Sunday 16 November 2014

Review || The Last Werewolf by Glen Duncan


The Last Werewolf by Glen Duncan ★☆☆☆☆
Jake Marlowe is the last werewolf. Now just over 200 years old, Jake has an insatiable appreciation for good scotch, books, and the pleasures of the flesh, with a voracious libido and a hunger for meat that drives him crazy each full moon. Although he is physically healthy, Jake has slipped into a deep existential crisis, considering taking his own life and ending a legend that has lived for thousands of years. But there are two dangerous groups--one new, one ancient--with reasons of their own for wanting Jake very much alive.

1.5 stars?

Basically, my reaction to the whole thing can be summed up with this gif:



Because really. Now, I get that Jake not being a likeable narrator is 100% the point. And that's not even what I minded about him. It was more that I don't think Jake's a relateable narrator if you're not male.

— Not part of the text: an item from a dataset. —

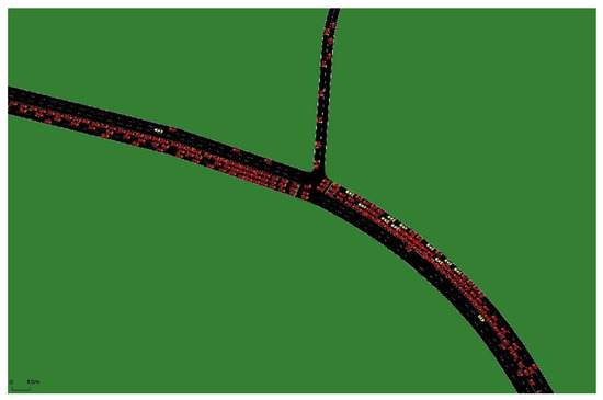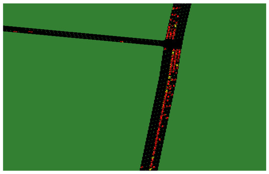 The road network and peak hour OD data for the selected areas were obtained from the ‘Qingdao Urban Traffic Management Planning Project’. The peak hour OD data were obtained from the 2030 land use plan and local population projections for the selected areas. Analysis of the full simulation model results indicates that unmanned vehicles can effectively improve traffic efficiency and better meet local transport needs when operating in groups. As the penetration rate increased from 0% to 10%, the average delay, average waiting time, and average traveling time increased, while the average travel speed decreased. Observing the modeling process revealed that, as the proportion of unmanned vehicles in traffic flow increased from 0% to 10%, the number of human-driven vehicles remained high. Additionally, most unmanned vehicles appeared singly on the road network (see Figure 5a). This resulted in reduced traffic efficiency, as the unmanned vehicles cannot be utilized to improve the overall traffic flow and may even interfere with human-driven vehicles.

A lot of people slag off on this book because it's "literary fiction about werewolves". And by that, they take issue with the pretentious writing. Which, I'll give them, because at first I wasn't sure if I was going to be able to get past it. I did, though, because you adapt to it.

But if you're going to criticize this book for being "literary", let's do it because it falls down all the same trappings: horrible representation and characterization of women, tortured male angsting--oh sorry, brooding, sex and drink and drugs just don't do it for me, recycled familial drama. And most bizarrely, insta-love. Which, I'll be honest, I expect to some degree in YA, so it seemed jarringly out of place here.

I'll admit, my interest was peaked with the addition of Tallula, but I mostly spent the next few chapters wishing we were telling her story instead of Jake's. But the way the book ended doesn't make me want to read on despite this. Mostly because I'd want her story, but as told by someone else.

But whatever. I read it. I didn't particularly enjoy it for any considerable stretch. And now it'll go in the 'to donate' pile. There it is. (I'll admit, this was a cover buy anyway and I mostly picked it up to read to see if it was worth keeping around. And it wasn't. So.)